Advance Auto Parts (NYSE:AAP) is a leading automotive aftermarket parts provider in North America. The company supplies replacement parts, accessories, and maintenance items for cars and trucks. AAP competes with other major players like AutoZone and O’Reilly Automotive. As the company prepares to release its quarterly earnings on May 22, 2025, investors are keenly watching the anticipated financial results.
Wall Street estimates AAP’s earnings per share (EPS) to be -$0.82 for the quarter ending March 2025. The revenue is projected to be approximately $2.51 billion, a decrease of 26.6% from the same quarter last year. These figures highlight the financial challenges AAP is currently facing.
Over the past 30 days, analysts have revised the consensus EPS estimate downward by 3.6%. This revision suggests a reevaluation of AAP’s financial performance, which could influence the stock’s short-term price movement. If the actual earnings exceed expectations, the stock might see an upward trend. Conversely, if the results fall short, a decline in stock price is likely.
AAP’s financial ratios further illustrate its current challenges. The company has a negative price-to-earnings (P/E) ratio of approximately -5.75, indicating negative earnings. The price-to-sales ratio is about 0.20, suggesting the stock is valued at 20 cents for every dolxlar of sales. Additionally, the enterprise value to sales ratio is around 0.38, reflecting the company’s total valuation relative to its sales.

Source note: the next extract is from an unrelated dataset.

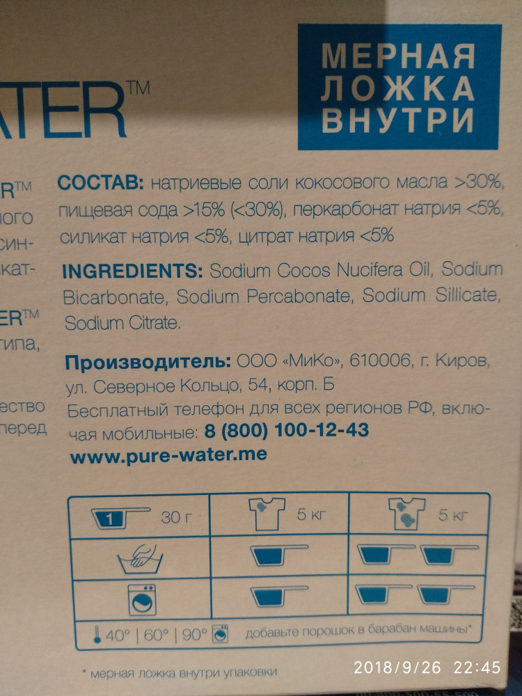 Вместе сохраним воду чистой! Большое спасибо, Флип, за Pure Water! Пока все нравится, коробка жёсткая, устойчивая, нет необходимости пересыпать порошок, даже мерный стакан из картона, понимаете))) Порошок хорошо пенится при 40°, бельё без запаха, смотрите фото

The company’s debt-to-equity ratio stands at about 1.70, indicating a relatively high level of debt compared to its equity. However, AAP maintains a current ratio of approximately 1.32, suggesting it has a reasonable level of liquidity to cover short-term liabilities. The upcoming earnings report and management’s discussion will be crucial in determining the sustainability of any immediate price changes and future earnings projections.